- Task to carry out
Return all the data exactly, keeping the pictures out.

- Data section
[Start of Attachment]
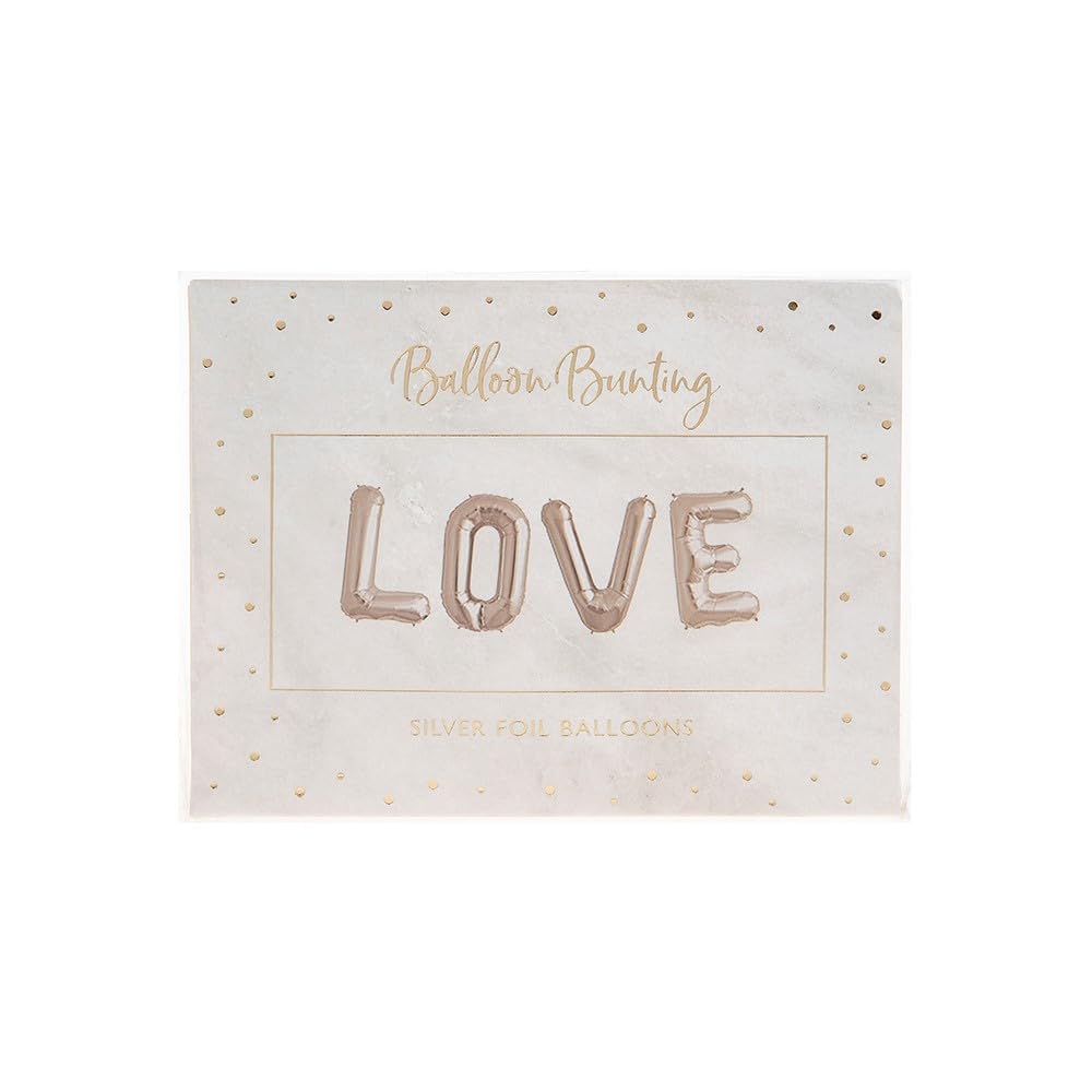 - Details: A set of silver foiled bunting balloons on a string spelling out “LOVE”, each letter is approx. 45cm tall
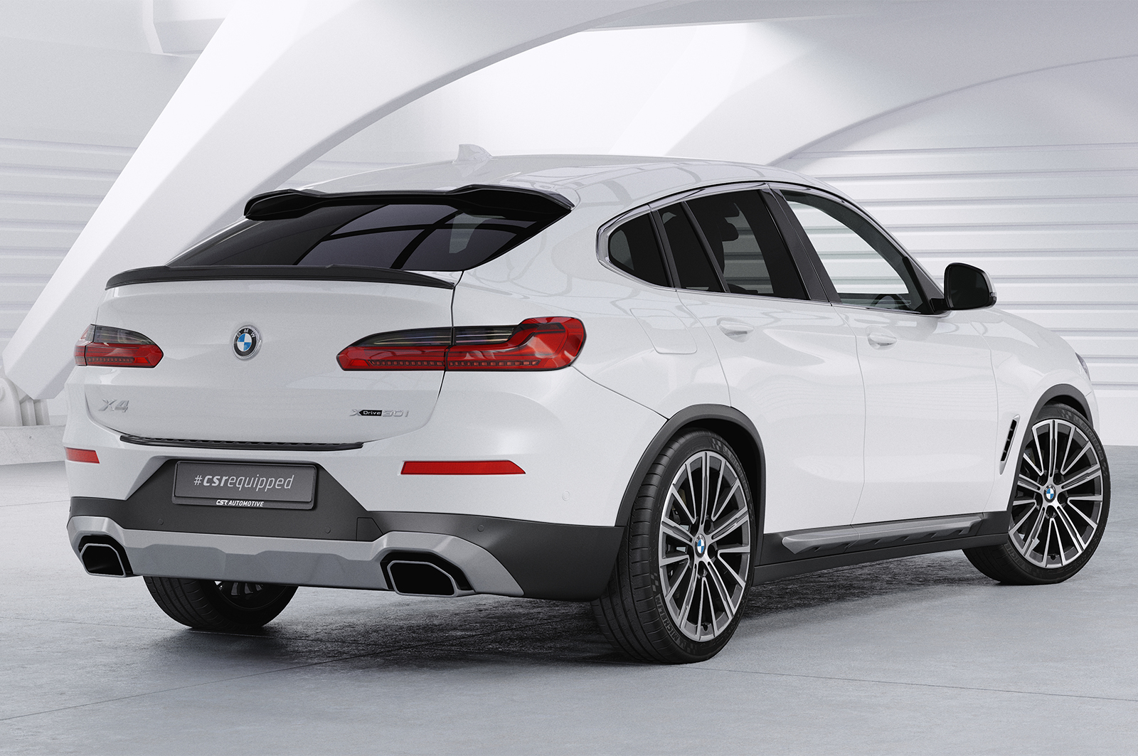 Der Heckflügel ist unlackiert in strukturierter schwarzer Oberfläche ausgeführt, wodurch kein zusätzlicher Lackieraufwand erforderlich ist. Durch das dezente und dynamische Design wird die sportliche Linienführung des X4 G02 wirkungsvoll betont, ohne übertrieben zu wirken.
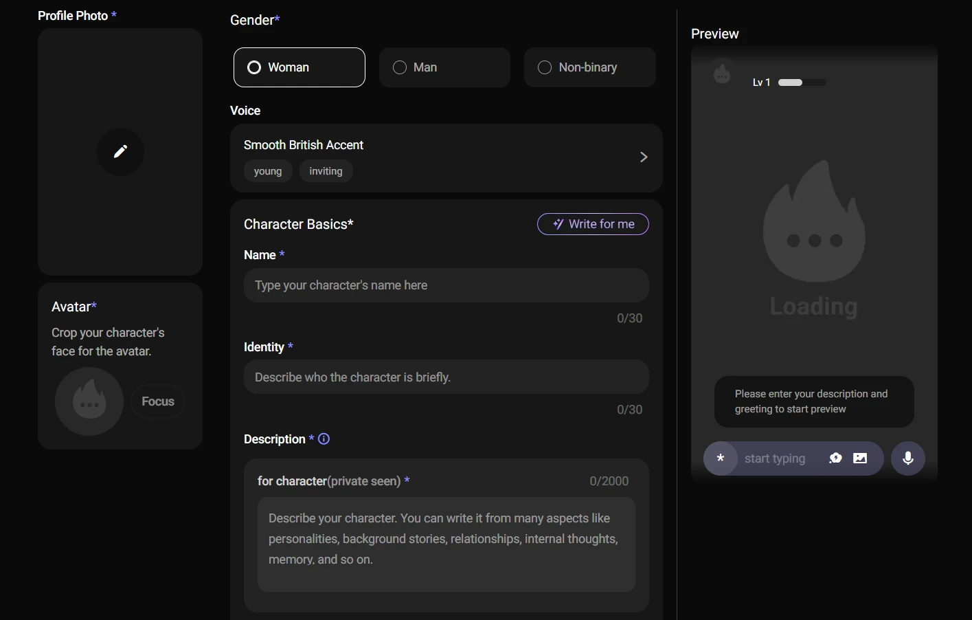 With Flipped Chat, you only have the option of manually inputting your character details, with the help of the site's AI in some cases, like name, identity, description, background history, and greeting.
[End of Attachment]
- Task response
 - Details: A set of silver foiled bunting balloons on a string spelling out “LOVE”, each letter is approx. 45cm tall
 Der Heckflügel ist unlackiert in strukturierter schwarzer Oberfläche ausgeführt, wodurch kein zusätzlicher Lackieraufwand erforderlich ist. Durch das dezente und dynamische Design wird die sportliche Linienführung des X4 G02 wirkungsvoll betont, ohne übertrieben zu wirken.
 With Flipped Chat, you only have the option of manually inputting your character details, with the help of the site's AI in some cases, like name, identity, description, background history, and greeting.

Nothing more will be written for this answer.